Turkish communications satellite

Türksat 4A is a Turkish communications satellite, operated by Türksat. It was constructed by Mitsubishi Electric (MELCO) of Japan, based on the MELCO DS2000 satellite bus, and was launched by the American-Russian joint-venture company International Launch Services (ILS) atop a Russian Proton-M space launch vehicle on February 14, 2014, at 21:09:03 from Site 81/24 of the Baikonur Cosmodrome in Kazakhstan.

The in-orbit delivery contract for the satellite was signed in March 2011. In the scope of the contract, Turkish engineers were trained in the facilities of MELCO in Japan. During the official visit of Prime Minister Recep Tayyip Erdoğan to Japan, the satellite was handed over by the Mitsubishi Electric to the Turkish officials in a ceremony on January 8, 2014.

The initially planned launch date of Türksat 4A in November 2013 was postponed to February 2014 due to the suspension of the Proton-M launches because of problems, which arose on December 8, 2012.

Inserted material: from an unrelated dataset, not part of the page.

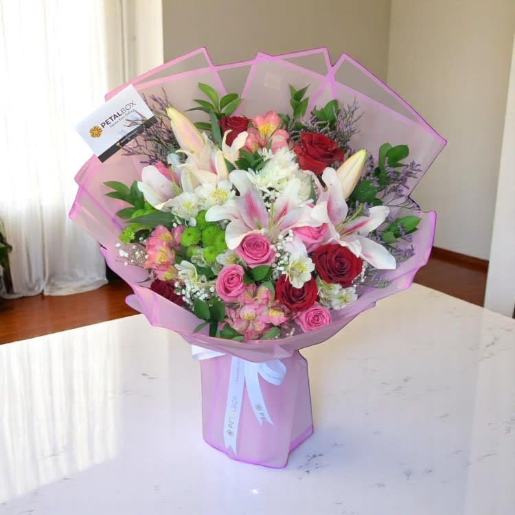 Brighten someone’s day with the Deluxe Joyful Bouquet Roses Lilies from Petal Box. This stunning arrangement features 6 pink roses, 6 red roses, 2 elegant pink lilies, 6 vibrant alstroemeria, 2 green chrysanthemums, fresh green fillers, and delicate white gypsophila. Each flower is carefully handpicked to create a bouquet full of charm and beauty.

Türksat 4A is part of the Turksat series of satellites, and was placed in a temporary geosynchronous orbit at 50°E, where it will remain around three months. During this period, orbital and subsystem tests will be conducted. Thenafter, the satellite will be transferred to 42°E to provide telecommunication and direct TV broadcasting services over a wide geographic region between west of China and east of England spanning Turkey, as well as Europe, Central Asia, the Middle East and Africa.

Right after the satellite reached orbit, mission control and operational support was taken over by Gölbaşı Ground Station in Ankara, which will conduct performance tests around month long. The first signal from the satellite is expected to arrive 9 hours and 13 minutes after the launch.

Türksat 4A has a mass of approximately 4910 kg and an expected on-orbit life time of 15 years. It will consist of 28 K_{u} band, two K_{a} band and an undisclosed number of C band transponders. The use of K_{a} band will allow higher bandwidth communication, and thus reaching the southern regions of the Sahara in Africa that was not possible with former Türksat satellites. Türksat 4A will enable to cut cost of internet access, and will be also available for military-purpose broadcasting. It is expected that Türksat 4A will increase the communications capacity of Turkey three-fold.